The Bullying Panic
Kudos to Nick Gillespie and the Wall Street Journal for the balanced and helpful essay on the latest trend of combating bullying. Gillespie speaks as someone who survived a childhood filled with schoolyard taunts and who is raising two school-age boys he hopes will avoid the worst of bullying.
Gillespie also welcomes common sense strategies in the face of bullying: Talk to your friends, parents and teachers; recognize you're not the problem; don't be a silent witness to bullying, etc.
But he completely rejects the idea that America is in the midst of the bullying crisis we're told exists. He sees it as just the latest in a long line of hyperbolic alarms about childhood. Data doesn't support the idea that childhood is particularly brutal these days and the rising wave of laws and regulations are a mess, lumping together minor slights with major offenses.
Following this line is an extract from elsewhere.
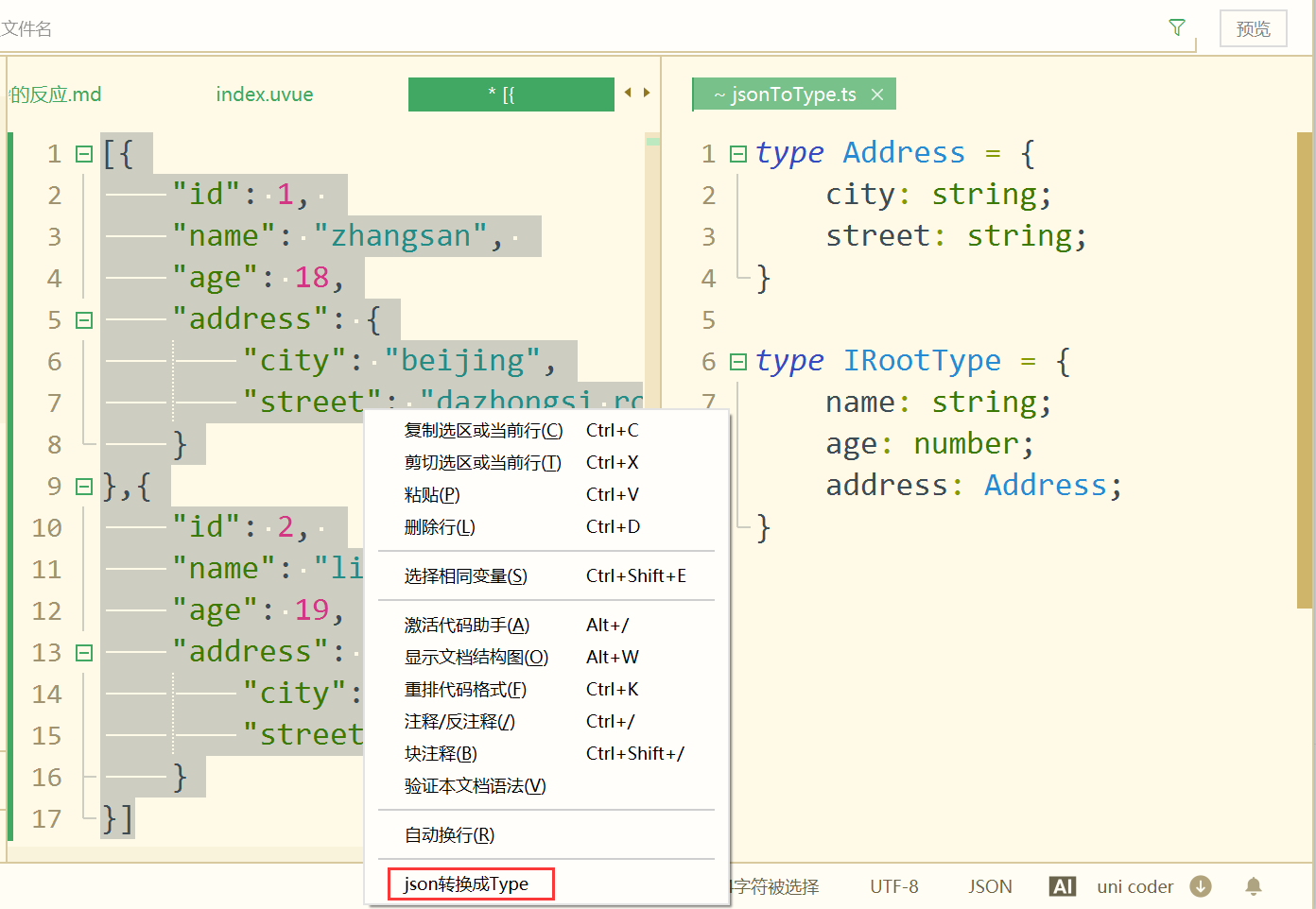 与UTSJSONObject方式相比,type方式在使用数据时可以使用.操作符,有代码提示。虽然需要定义type,但也有工具可以自动生成type。

Gillespie points out the silliness we discussed last week of banning words like "dinosaur" on tests in New York City and says it's not just city boys and girls who are being treated as delicate flowers but farm kids, too. Politicians are working on labor restrictions that would keep teenagers from working on farms. And all this while data suggest that kids are safer than they've been in decades:
But given today's rhetoric about bullying, you could be forgiven for thinking that kids today are not simply reading and watching grim, postapocalyptic fantasies like "The Hunger Games" but actually inhabiting such terrifying terrain, a world where "Lord of the Flies" meets "Mad Max 2: The Road Warrior," presided over by Voldemort.
Love it. Gillespie also looks at New Jersey's "Anti-Bullying Bill of Rights" law that was proposed in response to the suicide of 18-year-old gay Rutgers student Tyler Clementi. It's one in a long line of bills moved along with popular support to make people feel better, rather than actually solve a problem.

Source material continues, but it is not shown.